++++ EXERCISE DATA

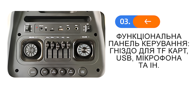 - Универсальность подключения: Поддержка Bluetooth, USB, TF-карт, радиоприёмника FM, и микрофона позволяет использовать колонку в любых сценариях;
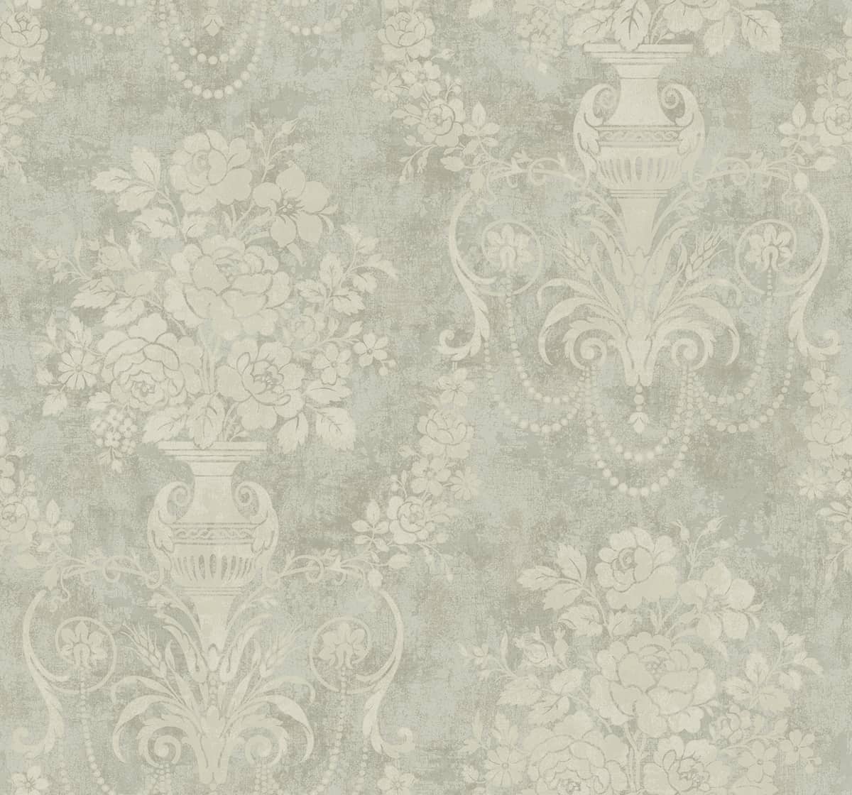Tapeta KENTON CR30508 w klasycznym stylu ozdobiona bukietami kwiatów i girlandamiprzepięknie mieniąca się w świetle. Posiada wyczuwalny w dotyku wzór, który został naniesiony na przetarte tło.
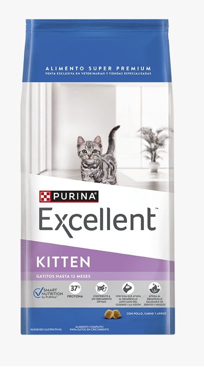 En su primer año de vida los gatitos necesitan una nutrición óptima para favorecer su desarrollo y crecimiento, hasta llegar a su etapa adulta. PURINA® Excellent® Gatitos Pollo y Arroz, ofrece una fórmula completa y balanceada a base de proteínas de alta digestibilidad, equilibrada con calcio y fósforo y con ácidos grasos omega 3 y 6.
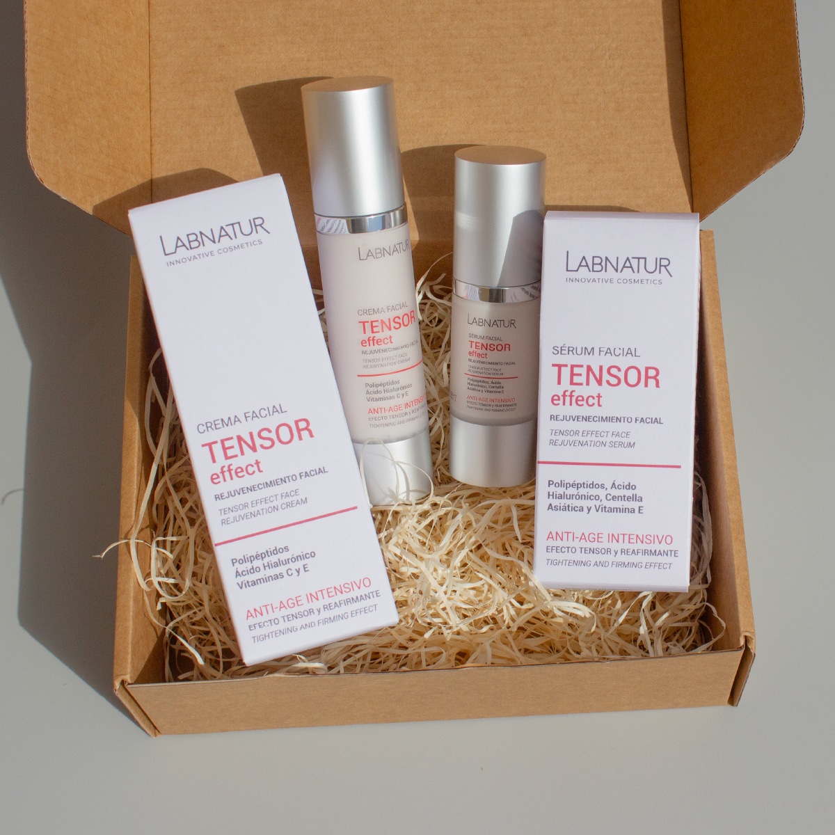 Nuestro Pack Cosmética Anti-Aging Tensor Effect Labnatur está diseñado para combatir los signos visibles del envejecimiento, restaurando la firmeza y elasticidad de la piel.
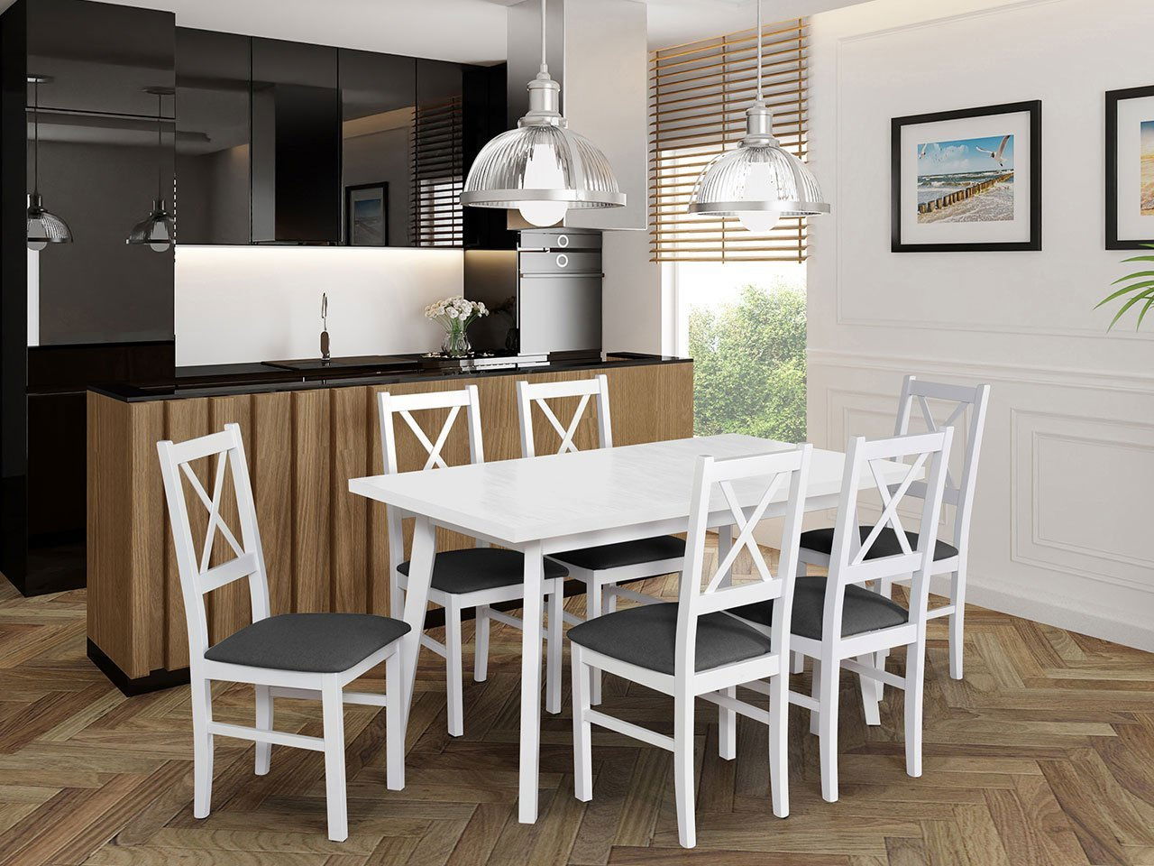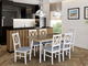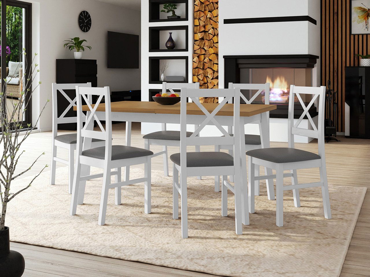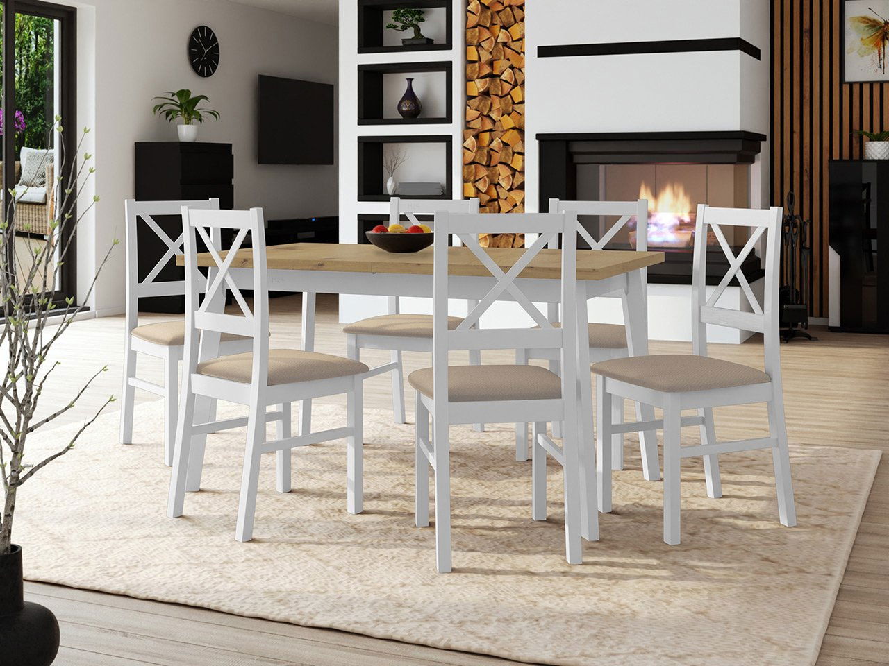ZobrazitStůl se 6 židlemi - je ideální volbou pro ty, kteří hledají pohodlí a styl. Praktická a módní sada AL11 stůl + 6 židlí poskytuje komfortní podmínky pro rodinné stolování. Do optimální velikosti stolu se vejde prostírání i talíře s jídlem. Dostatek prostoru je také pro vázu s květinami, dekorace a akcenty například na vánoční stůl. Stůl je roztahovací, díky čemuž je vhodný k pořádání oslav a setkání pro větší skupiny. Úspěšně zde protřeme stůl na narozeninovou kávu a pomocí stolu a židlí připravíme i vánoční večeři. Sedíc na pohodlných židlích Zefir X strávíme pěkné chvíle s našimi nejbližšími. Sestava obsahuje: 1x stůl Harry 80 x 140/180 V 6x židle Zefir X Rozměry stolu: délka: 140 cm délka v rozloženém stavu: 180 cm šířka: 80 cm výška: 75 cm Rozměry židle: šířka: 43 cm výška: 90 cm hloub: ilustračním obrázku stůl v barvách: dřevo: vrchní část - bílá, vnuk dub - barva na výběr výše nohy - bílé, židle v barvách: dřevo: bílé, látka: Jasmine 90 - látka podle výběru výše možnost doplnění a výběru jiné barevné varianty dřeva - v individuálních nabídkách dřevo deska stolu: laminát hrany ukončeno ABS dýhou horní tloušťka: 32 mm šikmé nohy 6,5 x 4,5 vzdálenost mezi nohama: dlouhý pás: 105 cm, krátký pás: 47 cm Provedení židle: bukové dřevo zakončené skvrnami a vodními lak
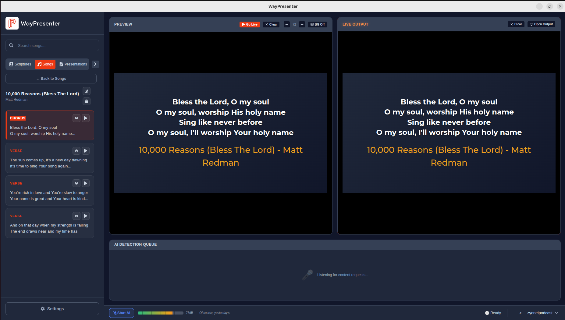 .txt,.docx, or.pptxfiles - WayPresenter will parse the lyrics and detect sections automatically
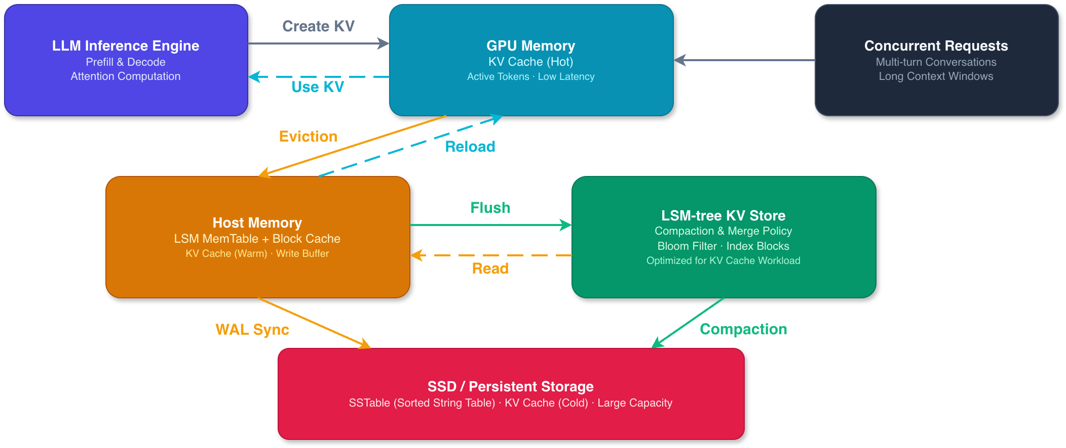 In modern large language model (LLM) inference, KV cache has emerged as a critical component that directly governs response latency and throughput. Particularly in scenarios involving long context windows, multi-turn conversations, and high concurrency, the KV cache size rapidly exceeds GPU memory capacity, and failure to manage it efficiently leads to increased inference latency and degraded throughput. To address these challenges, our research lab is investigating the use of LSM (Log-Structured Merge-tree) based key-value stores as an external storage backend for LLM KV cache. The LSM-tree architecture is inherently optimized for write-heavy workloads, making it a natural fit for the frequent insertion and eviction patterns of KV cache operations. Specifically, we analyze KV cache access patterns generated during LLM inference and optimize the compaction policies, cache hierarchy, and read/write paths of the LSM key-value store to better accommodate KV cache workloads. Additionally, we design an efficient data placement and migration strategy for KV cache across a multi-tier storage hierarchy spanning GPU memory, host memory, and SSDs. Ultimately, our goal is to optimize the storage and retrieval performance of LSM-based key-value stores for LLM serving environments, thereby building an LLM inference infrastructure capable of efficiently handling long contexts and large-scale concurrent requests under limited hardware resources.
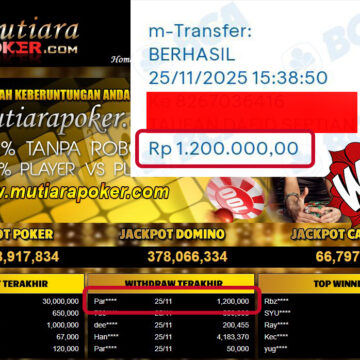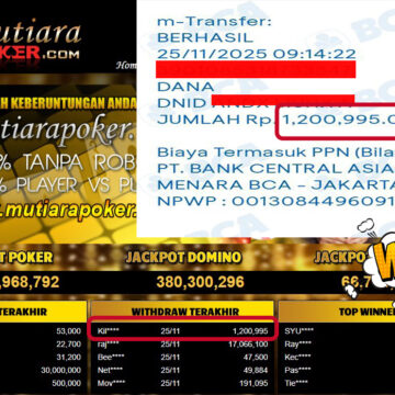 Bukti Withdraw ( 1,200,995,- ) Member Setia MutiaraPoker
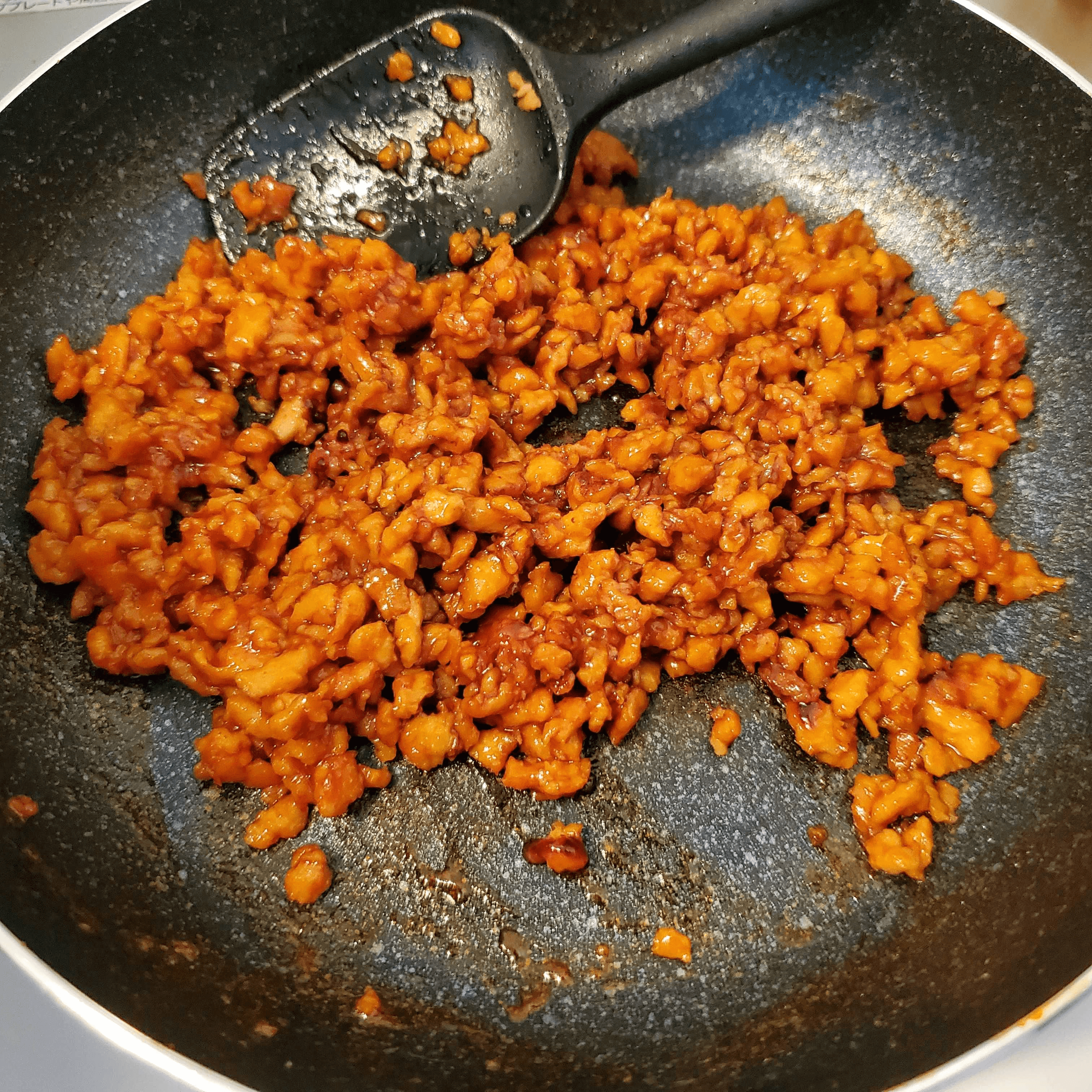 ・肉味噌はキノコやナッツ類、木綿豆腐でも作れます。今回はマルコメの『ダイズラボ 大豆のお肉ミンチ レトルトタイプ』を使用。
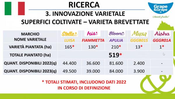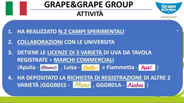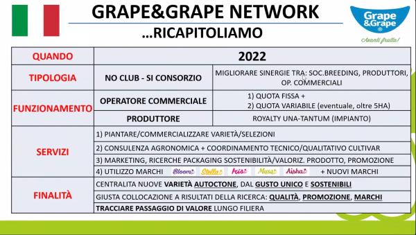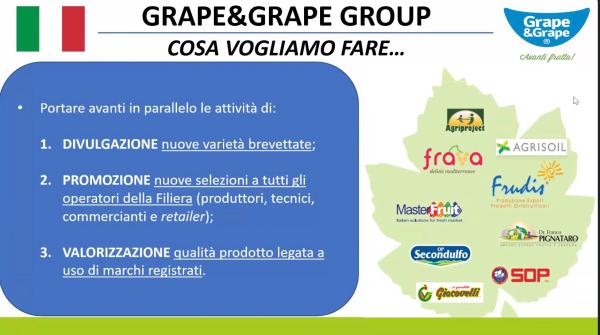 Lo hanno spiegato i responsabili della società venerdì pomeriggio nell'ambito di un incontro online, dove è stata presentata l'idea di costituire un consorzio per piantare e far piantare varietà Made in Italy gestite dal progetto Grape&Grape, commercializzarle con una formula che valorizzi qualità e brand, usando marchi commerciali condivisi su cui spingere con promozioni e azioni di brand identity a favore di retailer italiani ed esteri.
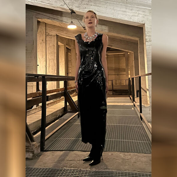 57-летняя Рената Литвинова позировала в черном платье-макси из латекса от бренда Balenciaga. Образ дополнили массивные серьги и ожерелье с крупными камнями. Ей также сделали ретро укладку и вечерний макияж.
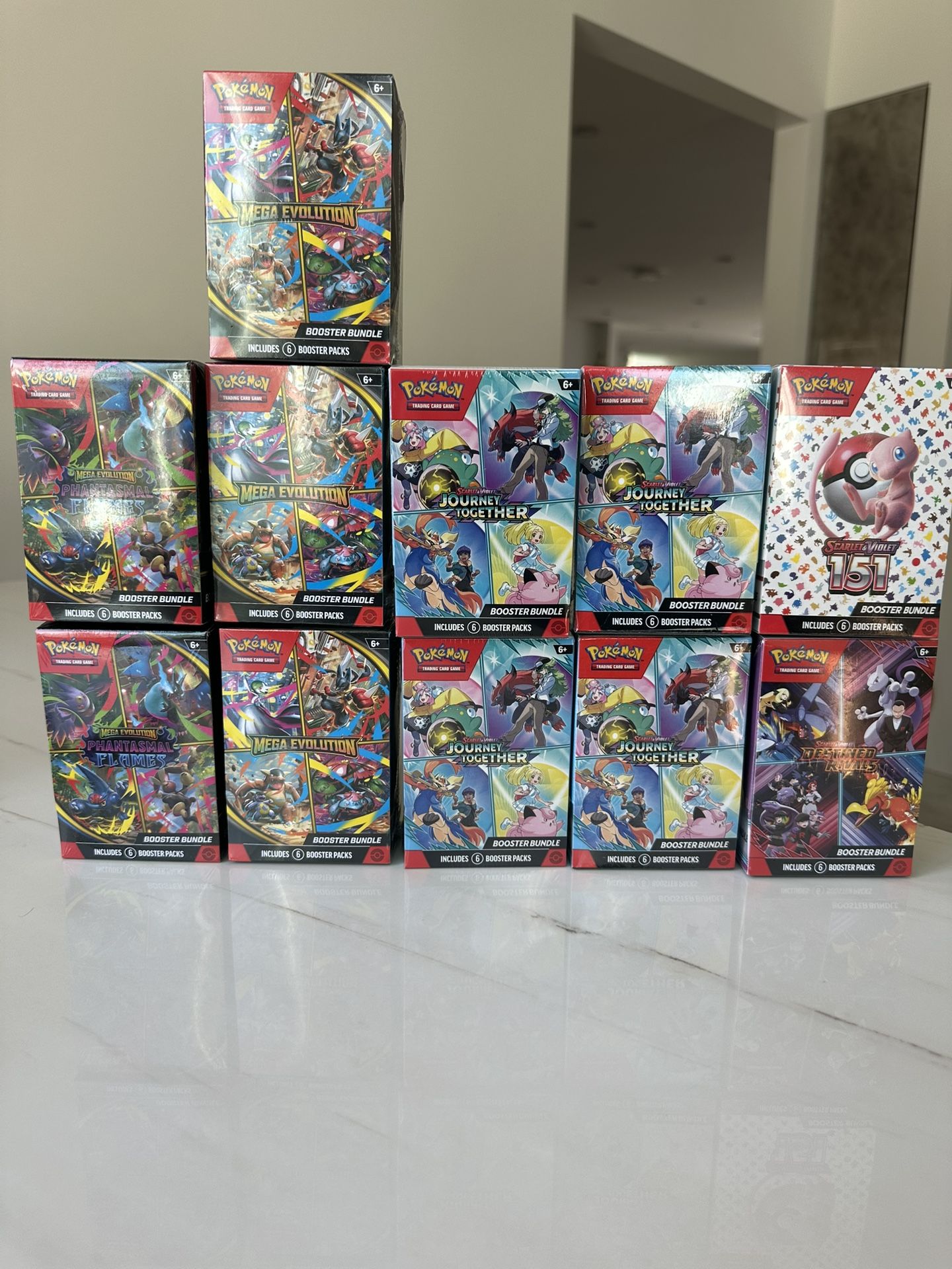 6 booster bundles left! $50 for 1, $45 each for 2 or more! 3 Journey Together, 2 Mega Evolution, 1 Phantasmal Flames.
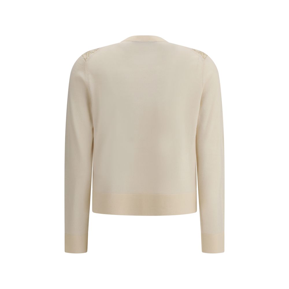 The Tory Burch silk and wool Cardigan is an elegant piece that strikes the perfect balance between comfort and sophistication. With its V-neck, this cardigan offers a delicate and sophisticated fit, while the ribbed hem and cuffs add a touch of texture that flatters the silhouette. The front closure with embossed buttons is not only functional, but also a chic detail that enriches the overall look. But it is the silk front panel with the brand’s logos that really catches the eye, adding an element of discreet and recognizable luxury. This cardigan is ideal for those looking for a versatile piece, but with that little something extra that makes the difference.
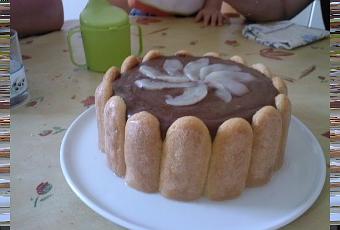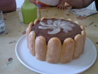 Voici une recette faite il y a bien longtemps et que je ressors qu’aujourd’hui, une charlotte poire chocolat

++++++++

ASSIGNED TASK ::
Leaving the images out, return every record exactly.

RESPONSE ::
 - Универсальность подключения: Поддержка Bluetooth, USB, TF-карт, радиоприёмника FM, и микрофона позволяет использовать колонку в любых сценариях;
Tapeta KENTON CR30508 w klasycznym stylu ozdobiona bukietami kwiatów i girlandamiprzepięknie mieniąca się w świetle. Posiada wyczuwalny w dotyku wzór, który został naniesiony na przetarte tło.
 En su primer año de vida los gatitos necesitan una nutrición óptima para favorecer su desarrollo y crecimiento, hasta llegar a su etapa adulta. PURINA® Excellent® Gatitos Pollo y Arroz, ofrece una fórmula completa y balanceada a base de proteínas de alta digestibilidad, equilibrada con calcio y fósforo y con ácidos grasos omega 3 y 6.
 Nuestro Pack Cosmética Anti-Aging Tensor Effect Labnatur está diseñado para combatir los signos visibles del envejecimiento, restaurando la firmeza y elasticidad de la piel.
ZobrazitStůl se 6 židlemi - je ideální volbou pro ty, kteří hledají pohodlí a styl. Praktická a módní sada AL11 stůl + 6 židlí poskytuje komfortní podmínky pro rodinné stolování. Do optimální velikosti stolu se vejde prostírání i talíře s jídlem. Dostatek prostoru je také pro vázu s květinami, dekorace a akcenty například na vánoční stůl. Stůl je roztahovací, díky čemuž je vhodný k pořádání oslav a setkání pro větší skupiny. Úspěšně zde protřeme stůl na narozeninovou kávu a pomocí stolu a židlí připravíme i vánoční večeři. Sedíc na pohodlných židlích Zefir X strávíme pěkné chvíle s našimi nejbližšími. Sestava obsahuje: 1x stůl Harry 80 x 140/180 V 6x židle Zefir X Rozměry stolu: délka: 140 cm délka v rozloženém stavu: 180 cm šířka: 80 cm výška: 75 cm Rozměry židle: šířka: 43 cm výška: 90 cm hloub: ilustračním obrázku stůl v barvách: dřevo: vrchní část - bílá, vnuk dub - barva na výběr výše nohy - bílé, židle v barvách: dřevo: bílé, látka: Jasmine 90 - látka podle výběru výše možnost doplnění a výběru jiné barevné varianty dřeva - v individuálních nabídkách dřevo deska stolu: laminát hrany ukončeno ABS dýhou horní tloušťka: 32 mm šikmé nohy 6,5 x 4,5 vzdálenost mezi nohama: dlouhý pás: 105 cm, krátký pás: 47 cm Provedení židle: bukové dřevo zakončené skvrnami a vodními lak
 .txt,.docx, or.pptxfiles - WayPresenter will parse the lyrics and detect sections automatically
 In modern large language model (LLM) inference, KV cache has emerged as a critical component that directly governs response latency and throughput. Particularly in scenarios involving long context windows, multi-turn conversations, and high concurrency, the KV cache size rapidly exceeds GPU memory capacity, and failure to manage it efficiently leads to increased inference latency and degraded throughput. To address these challenges, our research lab is investigating the use of LSM (Log-Structured Merge-tree) based key-value stores as an external storage backend for LLM KV cache. The LSM-tree architecture is inherently optimized for write-heavy workloads, making it a natural fit for the frequent insertion and eviction patterns of KV cache operations. Specifically, we analyze KV cache access patterns generated during LLM inference and optimize the compaction policies, cache hierarchy, and read/write paths of the LSM key-value store to better accommodate KV cache workloads. Additionally, we design an efficient data placement and migration strategy for KV cache across a multi-tier storage hierarchy spanning GPU memory, host memory, and SSDs. Ultimately, our goal is to optimize the storage and retrieval performance of LSM-based key-value stores for LLM serving environments, thereby building an LLM inference infrastructure capable of efficiently handling long contexts and large-scale concurrent requests under limited hardware resources.
 Bukti Withdraw ( 1,200,995,- ) Member Setia MutiaraPoker
 ・肉味噌はキノコやナッツ類、木綿豆腐でも作れます。今回はマルコメの『ダイズラボ 大豆のお肉ミンチ レトルトタイプ』を使用。
 Lo hanno spiegato i responsabili della società venerdì pomeriggio nell'ambito di un incontro online, dove è stata presentata l'idea di costituire un consorzio per piantare e far piantare varietà Made in Italy gestite dal progetto Grape&Grape, commercializzarle con una formula che valorizzi qualità e brand, usando marchi commerciali condivisi su cui spingere con promozioni e azioni di brand identity a favore di retailer italiani ed esteri.
 57-летняя Рената Литвинова позировала в черном платье-макси из латекса от бренда Balenciaga. Образ дополнили массивные серьги и ожерелье с крупными камнями. Ей также сделали ретро укладку и вечерний макияж.
 6 booster bundles left! $50 for 1, $45 each for 2 or more! 3 Journey Together, 2 Mega Evolution, 1 Phantasmal Flames.
 The Tory Burch silk and wool Cardigan is an elegant piece that strikes the perfect balance between comfort and sophistication. With its V-neck, this cardigan offers a delicate and sophisticated fit, while the ribbed hem and cuffs add a touch of texture that flatters the silhouette. The front closure with embossed buttons is not only functional, but also a chic detail that enriches the overall look. But it is the silk front panel with the brand’s logos that really catches the eye, adding an element of discreet and recognizable luxury. This cardigan is ideal for those looking for a versatile piece, but with that little something extra that makes the difference.
 Voici une recette faite il y a bien longtemps et que je ressors qu’aujourd’hui, une charlotte poire chocolat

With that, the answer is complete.